Figure 5. PGF2α rescued CSF drainage in aged mice. Following topical administration of PGF2α, there was an increase in the flow speed of CSF particles in the lymphatic vessels of both aged and young mice. This was also associated with an increase in frequency and amplitude of Lymphatic contractions (data not shown).

Conclusions

Du et al., (2024) elegantly demonstrated that CSF drainage is impaired with ageing and this can be rescued by topical administration of PGF2α.

My thoughts

To the glymphatic field, I believe this is an incredibly important paper. If we consider the glymphatic system to be in three stages: 1) glymphatic influx, 2) fluid exchange, and 3) glymphatic outflow, this paper neatly demonstrates these three processes using a quantitative, real-time technique in 2P-OPTIC.

As the authors discussed, the strengths of this method is that its in vivo, its high resolution, and its detection of multiple dyes, however it requires the need to inject exogenous dyes. My understanding is that these procedures are non-recovery, i.e. the animals do not wake up after the procedure. Although, that said, the results reported are very important in further understanding the systems involved in brain clearance.

Previous studies have shown ablation of cervical lymphatic vessels is sufficient to worsen Alzheimer’s disease pathology by disruption of the glymphatic system, and treatment of aged lymphatic vessels with PGF2α could improve glymphatic function - it would be interesting to see the use of PGF2α treatment in an alternative disease model.

Lastly, PGF2α induces contraction of smooth muscle cells, these also form blood vessels, and as already shown, by the same authors, activation of smooth muscle cells can enhance glymphatic function Holstein-Rønsbo et al. 2023. Could off-target/unintended effects of PGF2α resulted in improved brain clearance?

How does this work benefit society?

As mentioned, impaired glymphatic function has been described in ageing, and ageing related disorders. As populations continue to age, and life expectancy continues to rise - ageing will/is already causing large economic burden, particularly to developed nations. And therefore, studies like the one presented here are incredibly important in furthering our understanding of potential treatments for ageing-related disorders.
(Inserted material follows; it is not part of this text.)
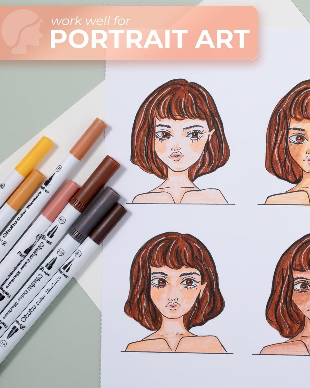 Skin Tone Markers 36 Colors Dual Tip Brush and Fineliner Markers
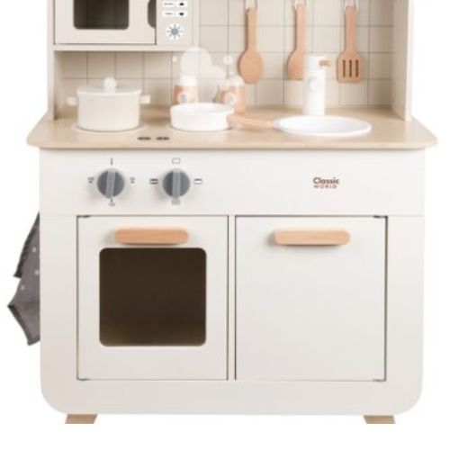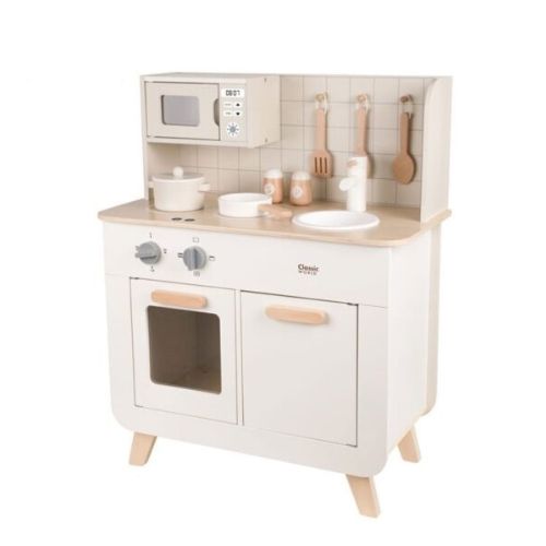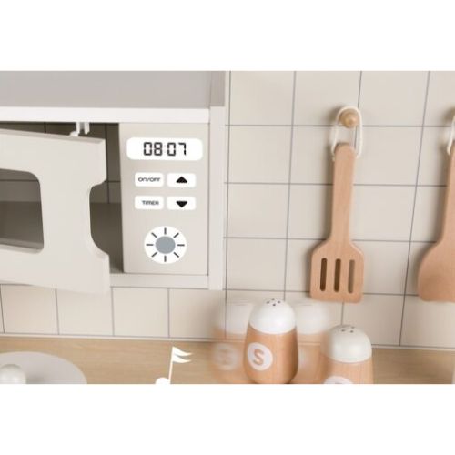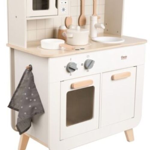 Σχεδιασμένη για παιδιά 3+, περιλαμβάνει 11 αξεσουάρ, φούρνο, φούρνο μικροκυμάτων, εστία και νεροχύτη — όλα όσα χρειάζεται ένα παιδί για να «μαγειρέψει» τις δικές του φανταστικές συνταγές. Το εργονομικό της μέγεθος και η ζεστή, ξύλινη αισθητική την κάνουν ιδανική για παιδικά δωμάτια, playrooms ή χώρους δημιουργικής απασχόλησης.

I appreciate that Du et al., (2024) chose to use an already marketable treatment in PGF2α. Repurposing of drugs is important because it reduces the development time from bench to bedside, it reduces risk as it has already been tested for safety, and ultimately increases the success rate of the treatment.

Papers like this are a joy to read, and I would highly recommend it to anyone interested in the field of ageing research.